En ce 44e vendredi consécutif de manifestations à travers le pays, la mobilisation dans la capitale, épicentre de la contestation, est difficile à évaluer en l’absence de comptage officiel, mais elle semblait moins importante que les deux vendredis précédents, durant lesquels elle fut exceptionnelle.

« Ou c’est vous, ou c’est nous, nous n’allons pas nous arrêter », scandent les manifestants, tandis que sur des pancartes, on peut lire « Nous n’allons pas nous soumettre », selon un journaliste de l’AFP.

La contestation réclame le démantèlement du « système » qui dirige l’Algérie depuis l’indépendance en 1962 et le départ de tous ses représentants, dont fait partie Abdelmadjid Tebboune, 74 ans, préfet de carrière, puis membres de plusieurs gouvernements, essentiellement sous Abdelaziz Bouteflika et investi jeudi.

Jeudi, le nouveau chef de l’Etat s’est à nouveau dit prêt à discuter avec le « Hirak » et a déclaré vouloir « amender » la Constitution pour en faire « la pierre angulaire de la nouvelle République ». Selon lui, le nouveau texte « réduira les pouvoirs du président de la République, protégera le pays contre le pouvoir d’un seul et garantira la séparation et l’équilibre des pouvoirs ».
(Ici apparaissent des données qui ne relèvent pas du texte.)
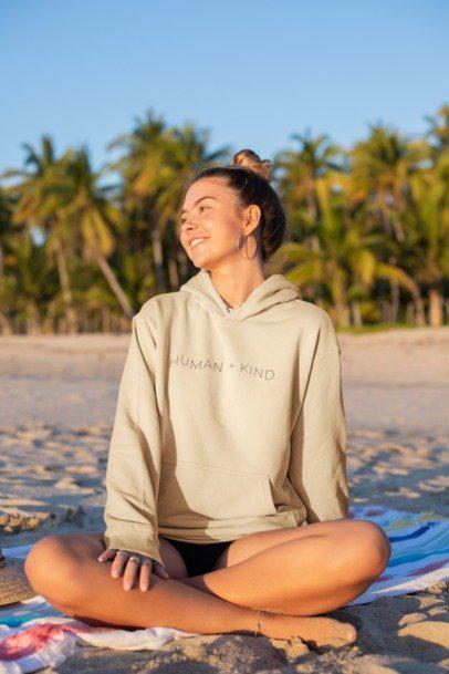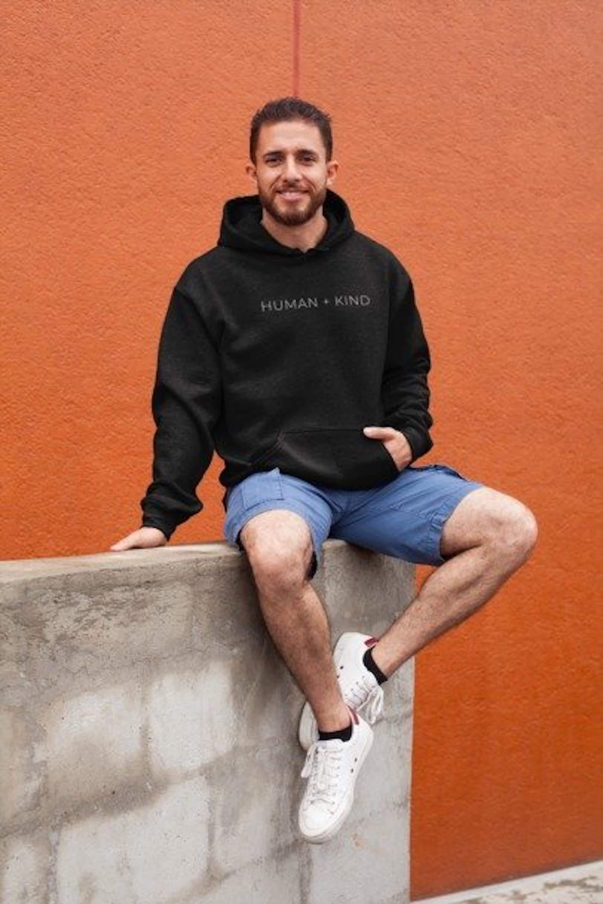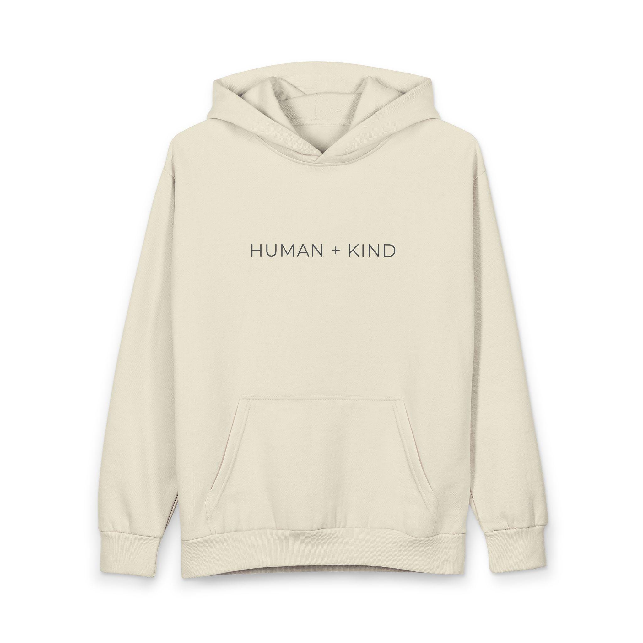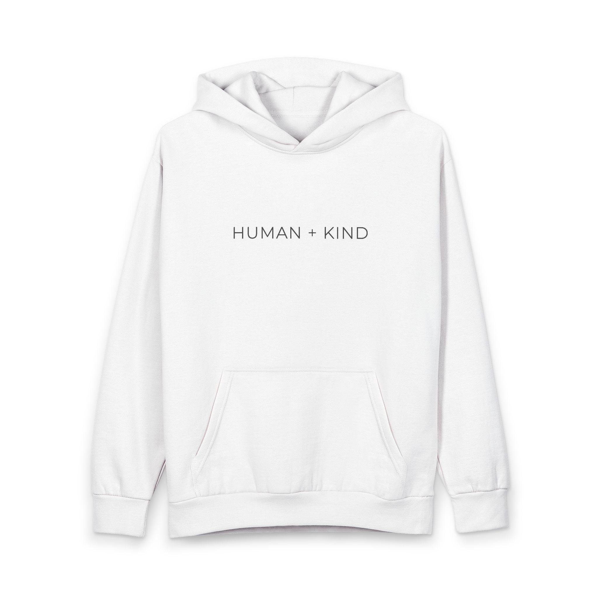 This HUMAN+KIND motivational hoodie is a minimalist unisex graphic sweatshirt designed for those who believe kindness is strength.
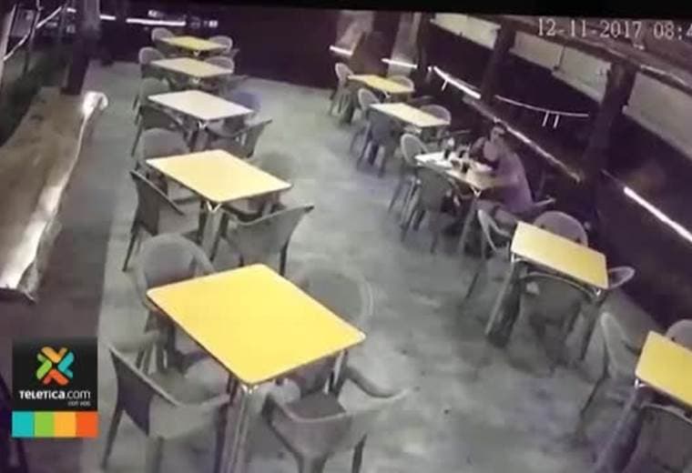 En el primer video se observa cuando el conocido presentador de su canal 7, Choché Romano y su esposa Ashley García fueron sorprendidos en un restaurante de Jacó. La reacción de ambos fue salir corriendo.

Pour le « Hirak » les promesses de Tebboune sont bien en deçà de ses revendications. Il réclame notamment une Constitution totalement nouvelle, reprochant à l’actuelle d’avoir été taillée et retaillée à la mesure de M. Bouteflika. Il refuse aussi que le « système » se charge lui-même de se réformer et exige que la tâche échoie à des « institutions de transition ».